Were this practice to be lauded (Ms. Siddiqui compares the production favorably to Chereau’s and urges that the use of simultaneous video images “should be taken up immediately by opera houses worldwide”) then it seems to me that all bets are off. If narrative is best if disrupted, and if the intellectual content of a work is presented in a way so as to undermine it, then any method of illogic should suffice. Why a crocodile? Why a blow job? Why spaghetti? How about if Wotan eats the crocodile, Siegfried eats the Woodbird, and Erda gives Fafner the blow job? Once you exempt yourself from the rigors of narrative cogency, then there is no obligation to the audience whatsoever, is there? In which case, why invite them to attend?
The critical error is even more profound, because at heart Ms. Siddiqui extols illogic, yet relies upon it herself to make her argument. At one point she approves the use of plastic objects as props, and explains: “Plastics are, of course, made out of oil; furthermore, the German word for plastic is Kunststoff – literally, artificial stuff – close to Kunstwerk.” It’s also close to Kunstgalerie (art museum), kunsthandlung (art store), keine kunst sein (so easy it’s a piece of cake), schwarze kunst (at wit’s end), and Kunstler (acrobat). So Castrof may have achieved the objective that Ms. Siddiqui proposes by continuing motifs of befuddled acrobats buying paint brushes.
But taking aside the absurdity of Ms. Siddiqui’s observation, she employed logic to get there. She took one theatrical event or object and related it to another theatrical event or object, and proposed a relationship between them. Yet that is not the intellectual universe that she argues renders Castorf’s “a meaningful reading of the work.” According to her own analysis, events should have no narrative or sequential meaning. If someone says “Be mine” they should be dealing with a crocodile, so that the words have no romantic or narrative significance. If someone says “Trust me to hear your story for I am nothing if not your own will,” she should be “filling phials of liquid dynamite,” so that the trust that the words (ordinarily) prompt is negated.
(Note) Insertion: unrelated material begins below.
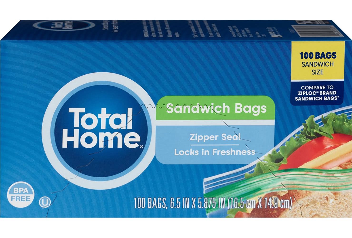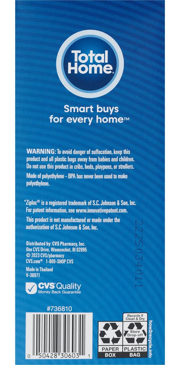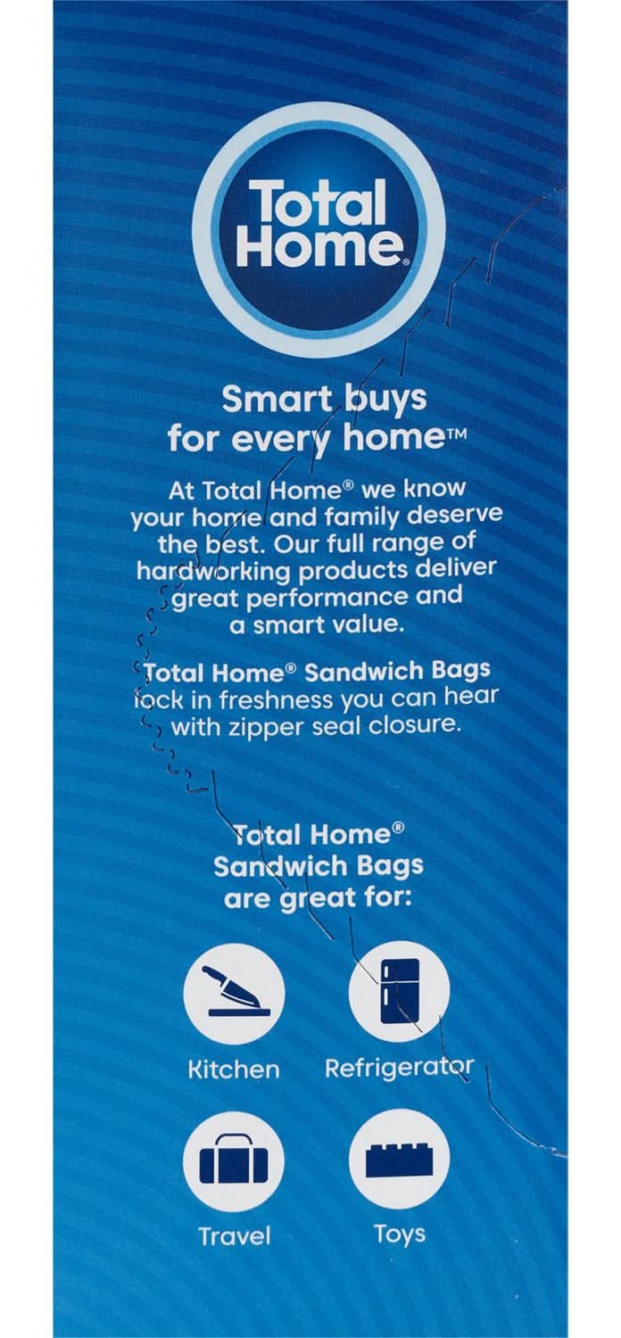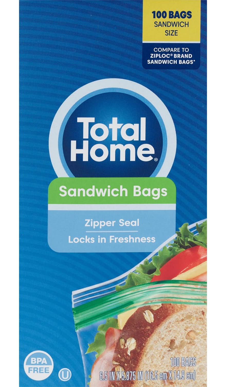 6.5 x 5.875 inch. Zipper seal. Locks in freshness. Compare to Ziploc brand sandwich bags (Ziploc is a registered trademark of SC Johnson & Son, Inc. This product is not manufactured or made under the authorization of SC Johnson & Son Inc.). Total Home by CVS/pharmacy offers a wide selection of household products that work hard and save you money. It's where performance and value live. Total Home sandwich bags lock in freshness you can hear with zipper seal technology. Total Home Sandwich Bags are great for: kitchen, refrigerator, travel, toys. SFI certified sourcing. BPA free. 100% recycled paperboard. CVS quality money back guarantee. Made in the USA. • Size: 6.5x5.87 in • Packaging: Reusable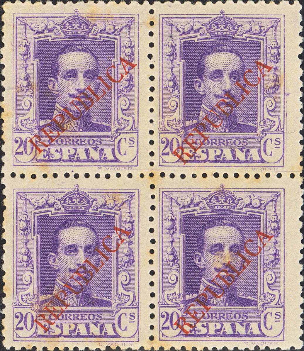 ★★ NE1(4). 1931. 20 cts lila, bloque de cuatro (manchitas del tiempo). NO EMITIDO. MAGNIFICO Y RARO. Edifil 2017: +280 Euros

I have no problem with the aesthetic that Siddiqui propounds, though I note that it arises from the mouth of a fictional character that presumably we are not meant by its author to admire. I do have a problem praising a theatre production on the ground that it successfully undermines the content of the work being produced, rendering its narrative cogency weaker rather than stronger, and successfully (in the esteem of the critic) presenting beauty as ugly.
That’s why ugly exists, after all – so that we can distinguish beauty from it. And that’s why theatre producing organizations exist – to make art available to those who wish to experience it without placing a cloth over it, simply to make the point that it is wrong for you to want to experience beauty at all.